The sun's face was half-buried when he dragged the chin off his chest to go staggering on with his tatters of hope. In its failing light something clutched at his shins. He thought the land fell away until he felt the grate of sand between his teeth and realized it was only himself that had fallen. God, what luxury to be perfectly still! The blessed peace of resignation—but resignation was surrender. Another name for death.

He struggled onto an elbow, scowling back at the tangled look of his legs and the outcrop of rotten rock that had spilled him. With a sense of outrage he said: "Son of a—!" and stopped, jaw sagging, his eyes about ready to pop from his head.

He clawed onto his knees and scrabbled back to the rock. When at last he stood up he was shaking all over. Like a man half asleep his fixed stare quartered the land. He had no remembrance of picking anything up but a chunk of the rock was in his hand. The rifle he'd been carrying was completely forgotten when he faced west again to go stumbling on.

It was almost full night when he came out on the rimrock and saw the dark gulf of the badlands below. Nothing stirred down there. No sound came up. The cliff-hung trail where he'd lost Bathsheba might be north of him or south. It was nobody's guess, and too stinking black to tell if the ground was scuffed or not.

Out of desperation he did a crazy thing. From a creosote bush he stripped an armful of branches, packed them back to the edge of the rim and put a match to them.
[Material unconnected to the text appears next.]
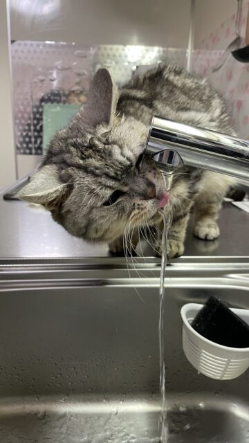ドナちゃんはジャラシで遊ぶよりも、🚰水道の蛇口から出るお水が大好き。

It was a calculated risk. He had known the moment he found the bush he was in the wrong place, because where he had tangled with the Bender crew there had been no wood—they had had to use grass; and there was no grass here, only a few stunted bushes.

With a fascinated, more-than-half-defiant dread, he watched flames leap from the resinous branches, orange and blue, the explosive colors of grease. On this bare lip they could be seen for miles. Would they fetch Spangler's gunhawks or Brownwater Bill?

XIV

They found him all right.

This fat wood burned fast. He had to scurry about in the jump of his shadow, pulling up more bushes or see the blaze die before he got any good from it. When he ran out of the finger-thin branches the fire burned down to a bed of bright coals. But he kept on moving, around and around the still-red eye of it, knowing the need to make sure he was seen.
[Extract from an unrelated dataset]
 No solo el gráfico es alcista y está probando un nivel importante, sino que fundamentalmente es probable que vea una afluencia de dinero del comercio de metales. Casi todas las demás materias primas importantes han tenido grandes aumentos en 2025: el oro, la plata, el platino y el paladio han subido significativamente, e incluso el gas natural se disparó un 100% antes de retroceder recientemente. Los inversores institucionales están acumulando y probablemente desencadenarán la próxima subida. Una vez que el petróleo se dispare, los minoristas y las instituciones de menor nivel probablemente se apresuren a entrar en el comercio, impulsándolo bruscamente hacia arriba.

Spangler, Duke and company, if they saw and had managed to get hold of fresh mounts, would investigate whether he showed himself or not; but Brownwater, having Bender and the girls on his mind, would likely prove more cautious. He would have to see Rafe before he'd risk coming in. So Rafe kept tramping, half out of his head with the wear and the strain of it and scared, by God, the man would run anyway.

He was afraid even to think what he would do if Bill did. In his present shape, afoot, without water and half starved besides, armed only with a belt gun and so dang bone-weary he could scarcely stand up, he'd have no more chance than a June frost in hell's kitchen.

He heard the strike of shod hoofs on stone, and whirled, stumbling away from the coals, snatching his pistol as he plunged into the blackness.

"That you, Rafe?"

It came up from below, Rafe almost collapsing in the shock of relief. It had to be Brownwater—nobody else wheezed like that.

An unreasoning anger rushed tumultuously through him, all he had undergone feeding this fury as he pictured Bill lallygaggin' with the girls, comfortable and safe as a frolic of church mice. Filled with it he growled, "Get 'em on up here an' hurry it up!"